Ryan Mellish May 31st, 2006 03:28 PM

avisynth
 
Ok, so I've heard of it. AVISynth. What is it exactly? Some sort of open source post production FX editor?

John McManimie May 31st, 2006 04:09 PM

Go to the AviSynth website:

http://www.avisynth.org/
The FAQ: http://www.avisynth.org/AviSynthFAQ

Ryan Mellish May 31st, 2006 05:05 PM

Has anyone used this? Experiences?

Emre Safak May 31st, 2006 06:13 PM

Yes. It is like imagemagick for video. Very useful for batch operations. Not so useful for things that you need to finely tweak because there is no WYSIWYG interface.

Thomas Smet May 31st, 2006 07:10 PM

Avisynth is a great tool that has a lot more power than what most people think it does. Not only can you filter and convert video but you can also edit together multiple segments and animate layers. Think of it as a comand line version of a fully working NLE. The problem is that it is a comand line only text only NLE. This makes it kind of hard to use.

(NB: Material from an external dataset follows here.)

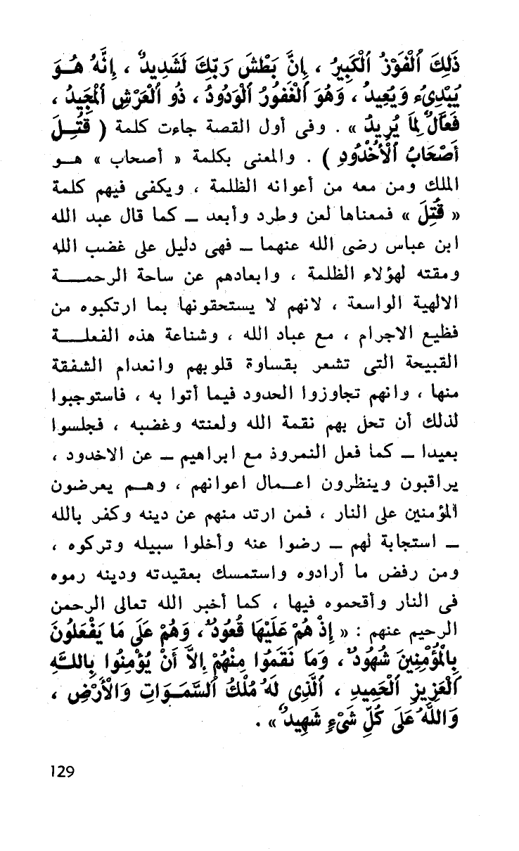 ذلك الفوز الكبير إن بطش ربك لشديد إنه هو يبدئ ويعيد وهو الغفور الودود ذو العرش المجيد فعال لما يريد)) وفي أول القصة جاءت كلمة (قتل أصحاب الأخدود) والمعنى بكلمة ((أصحاب)) هو الملك ومن معه من أعوانه الظلمة، ويكفي فيهم كلمة ((قتل)) فمعناها لعن وطرد وأبعد - كما قال عبد الله ابن عباس رضي الله عنهما - فهي دليل على غضب الله ومقته لهؤلاء الظلمة، وإبعادهم عن ساحة الرحمة الإلهية الواسعة، لأنهم لا يستحقونها بما ارتكبوه من فظيع الإجرام، مع عباد الله، وشناعة هذه الفعلة القبيحة التي تشعر بقساوة قلوبهم وانعدام الشفقة منها وأنهم تجاوزوا الحدود فيما أتوا به، فاستوجبوا لذلك أن تحل بهم نقمة الله ولعنته وغضبه، فجلسوا بعيدا - كما فعل النمرود مع إبراهيم - عن الأخدود يراقبون وينظرون أعمال أعوانهم وهم يعرضون المؤمنين على النار، فمن ارتد منهم عن دينه وكفر بالله - استجابة لهم - رضوا عنه وأحلوا سبيله وتركوه ومن رفض ما أرادوه واستمسك بعقيدته ودينه رموه في النار وأقحموه فيها، كما أخبر الله تعالى الرحمن الرحيم عنهم ((إذ هم عليها قعود وهم على ما يفعلون بالمؤمنين شهود وما نقموا منهم إلا أن يؤمنوا بالله العزيز الحميد الذي له ملك السموات والأرض والله على كل شيء شهيد)).
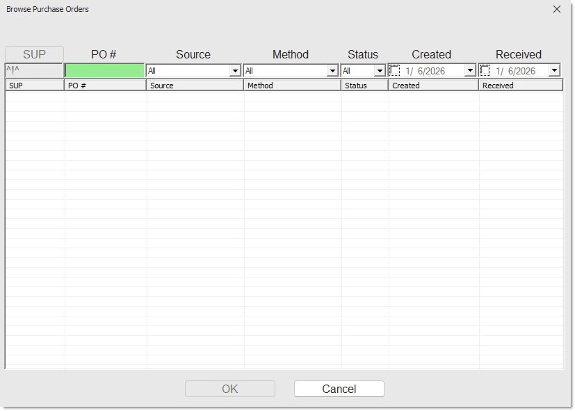 Browse Purchase Orders Window

Gian Pablo Villamil May 31st, 2006 08:01 PM

Think of Avisynth as a codec, that accepts script commands, not compressed video.

So basically you create an Avisynth script using a text editor, with a bunch of commands indicating the video source, and the various transformations to apply.

Then you open it up in any AVI compatible application. The app will hand it off to the Avisynth "codec" which will return video frames back to the application. VirtualDub appears to be especially friendly to Avisynth scripts.

So you could basically write an Avisynth script that opens up a series of files, deinterlaces thems, resizes, blends etc. If you open the script in your NLE, it will "see" the results of the Avisynth commands as if they were just a regular video file. Really quite amazing.

Since Avisynth scripts are just textfiles, it is easy to write programs or scripts that automate repetitive operations.

As far as I can tell, Avisynth contains the best tools for advanced deinterlacing and resizing of video.